Tuesday, February 28, 2012

Day 2: The meaning behind your blog name

Where do we go from here.....

The title of my blog started out because at that time I wasn't sure where the hell we were going or heading in our lives.  Life had just been flipped upside down and I didn't have a fucking clue which way was up.  We had just found out that our baby girl was very sick and at that time we weren't even positive as to what her diagnosis would be.  "Where do we go from here" was basically my question to the universe and God asking "So, what the fuck do I do now?" 

Once we found out that Quinn did in fact have Trisomy 13 it became a question of where do we go from here, do we carry on and give her a chance or do we save our hearts (not that we could have) and end things now. 

That last question sort of answered itself.  I don't now if it was really ours to answer but once it was determined that we would carry on the title then once again meant something new.  Now it was more about where will we find ourselves?  Will we be the parents of a stillborn baby?  Would we get to meet her?  Would we meet her but then have to say goodbye?  Would we be the parents of a severely handicapped child?  I think that this was the hardest phase of the name.
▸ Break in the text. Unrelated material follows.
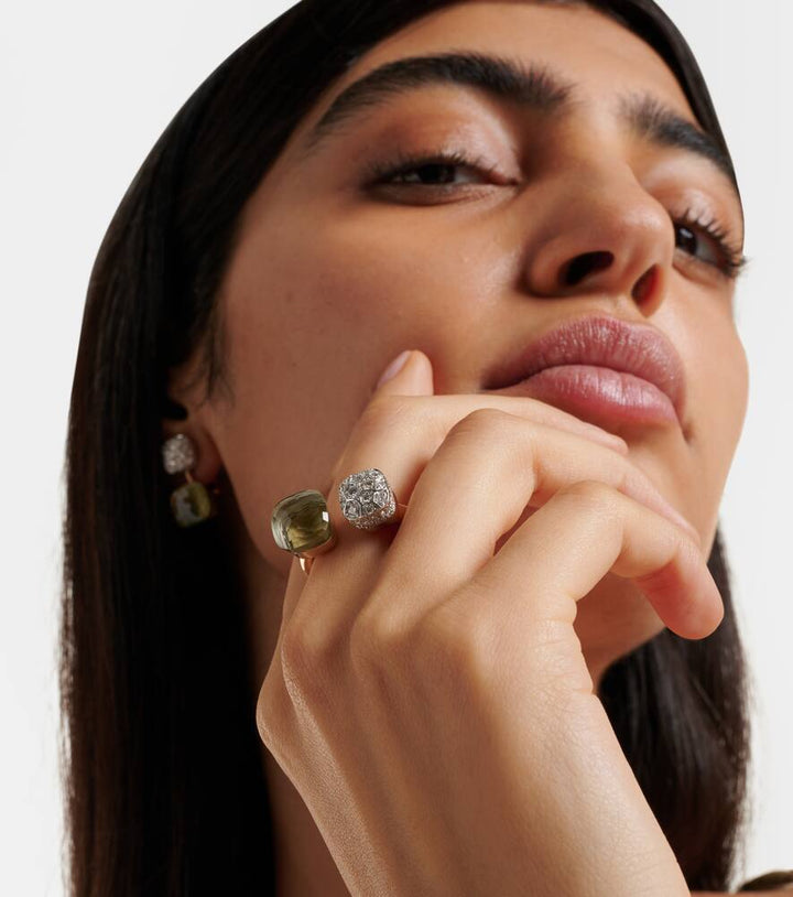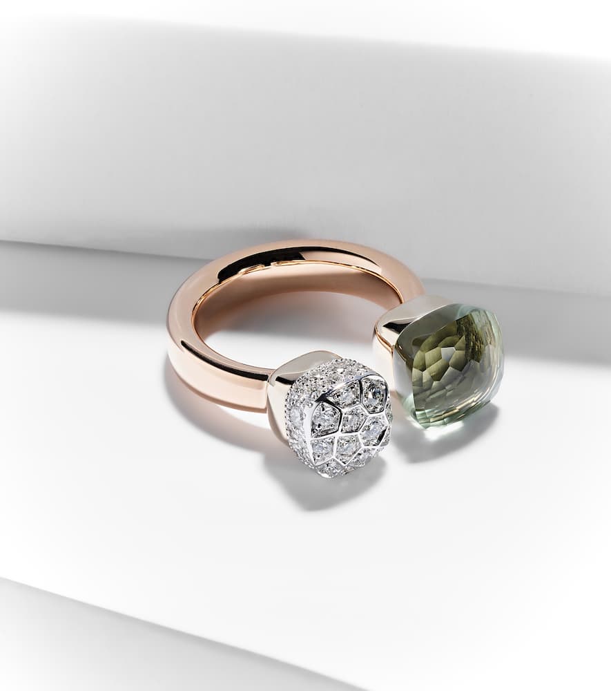 This Nudo Ring in Rose and White Gold with Diamonds and Prasiolite by Pomellato blends soft green prasiolite with pavé-set diamonds, creating a striking balance of color, sparkle, and contemporary elegance.

Finally we come to now.  I guess now it questions where we will find ourselves in the future.  Where do we go?  Do we sit back and watch as our lives pass before us because we are too sad and hurt to participate?  Do we become bitter?  Or do we pick ourselves up and move on?  This is what I am choosing to do.  I will never forget my Quinn-Bean and I never want to but I will continue to move forward and find out where I will end up.  Maybe I will change paths and go into counseling or fundraising for a meaningful cause.  Maybe I won't.  I don't know where I will end up, I am still waiting to found out the answers to so many questions.  The one question that I do know the answer to is that no matter where we go we will do it as a family and we will continue to celebrate Quinn's life more than we grieve her death.  Always! 

On that note, Happy 3 month birthday baby girl!  It is so hard to believe that 3 months ago today I held you in my arms.  Oh how I miss holding you!  I love you more than words can say baby!  I hope that you are having a beautiful celebration in Heaven today! 

1 comments:

Heather said...

Hi Meghan, just wanted to stop by and send some love! When we found out our son had a fatal seizure disorder pretty much guaranteeing his death by 4 years of age and heart defects that would be fatal within days without open heart surgeries (and even then, with his specific heart defects, the chances of survival were somewhat low) - we had to make that agonizing decision between awful and horrible. Made even more awful by the fact that we'd already buried a son (stillborn) and already knowing what it's like to suffer the death of a child... We decided to carry him and hoped to meet him, hoped for days, maybe weeks, miracle months, or if we were really lucky, years. We got 3.5 days and I'd give anything to go back to those days with him in our arms! We miss him so very much. My heart aches with you!